Business sign 3.20.20, photo by Stephen Harmon, courtesy of New-York Historical
The New-York Historical Society is asking New Yorkers to donate any materials related to the coronavirus pandemic as a way to preserve this moment in the city’s history. First created during September 11, the museum’s History Responds initiative has collected objects related to movements like Black Lives Matter, Occupy Wall Street, marriage equality, and others.
Lizzy (age 4) with her rainbow artwork, photo by Leeka Murphy
The museum is looking for objects and paper or digital items that document the current crisis, “including the heroic efforts of medical personnel, the plight of victims, the effects on businesses, schools, and cultural groups; and the creativity borne of isolation,” according to the society.
New-York Historical’s Patricia D. Klingenstein Library is collecting paper memorabilia, like flyers, postcards, signs, emails, drawings of rainbows, or anything that shows how New Yorkers are handling the current situation. Other items the museum will accept include household objects that reflect life under quarantine.

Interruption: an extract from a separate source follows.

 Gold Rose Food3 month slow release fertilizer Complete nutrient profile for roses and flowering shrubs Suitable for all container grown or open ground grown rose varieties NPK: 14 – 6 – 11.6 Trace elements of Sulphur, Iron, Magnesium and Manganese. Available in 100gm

Homemade mask in progress, Heidi Nakashima
Rock painted by Lisa Johansen, Kew Gardens, Queens
“When the New-York Historical Society was established in 1804, our founders had just lived through the turbulent years of the American Revolution and recognized the need to preserve eyewitness evidence of their own historical moment,” Dr. Louise Mirrer, president and CEO of New-York Historical Society, said in a press release. “In that vein, we continue the practice of documenting history as it happens so that future generations will better understand the unprecedented times in which we are now living.”

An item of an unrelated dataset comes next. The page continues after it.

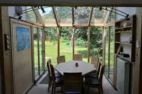 Terrasse mit Gartenstühlen, Fernsehgerät, Klettergerüst, Tischtennis, Ballspiele, Gesellschaftsspiele, CD-Player, 3 Autoparkplätze, Kaminofen, Liegestühle, Sauna, WintergartenKüchenausstattung: Geschirrspüler, Haushaltsherd, Kühlschrank, Backofen, Kippbratpfanne, Gefrierschrank/-truhe

More information on how to donate items or paper and digital ephemera for the museum’s collection can be found here.
The Museum of the City of New York is also chronicling the current crisis with help from New Yorkers, as the Wall Street Journal reported. The museum is asking city residents to share photos that document personal experiences during the pandemic, using the hashtag #CovidStoriesNYC. Staff will select images on a rolling basis to repost on their social media feeds.